Alix crossed her arms. “Actually, it seems to me we have a choice whether to see things in political terms or not. That’s the beauty of living in this country. I choose to think you can improve things without annihilating them.”
“Spoken like a true member of the ruling class,” Payton sneered.
Rain finished shooting her roll of film, rewound it, and popped it out of the camera. Alix didn’t look happy.
“Issues and agendas are created for all sorts of reasons,” Dar offered, clearly trying to calm the waters. “You have to look at their motives. Most SDS members aren’t from the working class. They aren’t oppressed. They aren’t even poor.”
“Like us,” Alix said.
“Well . . . ” Dar hesitated, as if the answer was obvious.
“Are you saying it would be better if we’d been born poor?”
“Not necessarily. When you have an organization with factions splitting off in different directions, there can be a vacuum of leadership. No matter where you come from.” He paused. “They didn’t coin the term ‘divide and conquer’ for nothing.”
“Like what the FBI is doing to us,” Teddy said.
“It’s not just them,” Dar said. “We’re starting to do it to ourselves.”
“What do you expect, man?” Payton shook his head. “You can’t just wish change. Or pray for it. Someone has to take a stand.”
“Dar was arrested twice at the convention,” Casey said. “I think that’s taking a stand. What about you?”
“Just because the pigs didn’t get me doesn’t mean I’m not committed.” He looked around. “Do I have to be a martyr like Gantner?”
“No one’s attacking you, Payton,” Dar said peaceably. “All I’m saying is that this might be a good time for me to shift gears.”
“You’re gonna do a Timothy Leary? Just drop out?”
Dar started back toward the front door. The others followed. “Actually, Alix has convinced me I’ve been neglecting my spiritual side. I’m going to India.”
Payton rolled his eyes. Teddy looked shocked.
“What the fuck’s in India?” Payton asked.
“Maharishi Mahesh Yogi,” Dar said.
“The dude the Beatles went to see?” Teddy asked.
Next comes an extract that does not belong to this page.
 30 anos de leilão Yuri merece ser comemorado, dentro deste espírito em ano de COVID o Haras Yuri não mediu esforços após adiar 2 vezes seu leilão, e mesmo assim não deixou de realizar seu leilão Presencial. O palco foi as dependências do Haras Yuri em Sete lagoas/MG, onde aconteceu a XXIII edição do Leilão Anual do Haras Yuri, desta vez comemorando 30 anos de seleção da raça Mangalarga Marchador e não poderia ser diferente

“He teaches transcendental meditation. Which is supposed to help you achieve a higher level of consciousness, creativity, and energy.” Dar smiled at Payton. “How about you, Payton? Want to come with?”
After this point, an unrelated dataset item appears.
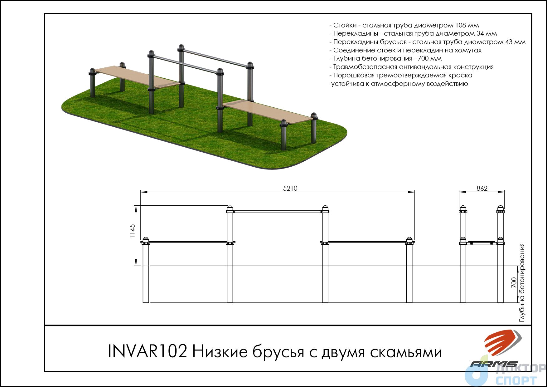 Низкие брусья с двумя скамьями

“I have all the consciousness I need. I don’t have the time—or the bread.” Payton frowned. “Hey. How can you afford it?”
“I’m lending him the money,” Alix said quietly.
Payton looked at Casey, then Dar. He started to say something, then stopped.
“Is she going too?” Teddy asked.
Dar shook his head.
“Well, you can’t go alone,” Casey said. “I’ll go with you.”
“You?” The surprise in Payton’s voice was genuine. “You’re about as spiritual as Teddy’s tennis racket.”
“There’s always a first time,” Casey said. “You’ve got enough commitment for the rest of us, anyway.” He turned to Rain. “What about you?”
“Actually, I think Payton’s right. There is work to be done here. I met some people who work for
The Seed
.” She held up her camera. “I’m gonna be their photographer.”
“What about you, Mr. Markham from Madison?” Casey asked.
Teddy scratched his cheek with his little finger, an oddly feminine gesture, Rain thought. “I think I’ll help Payton mobilize the Black Panthers.”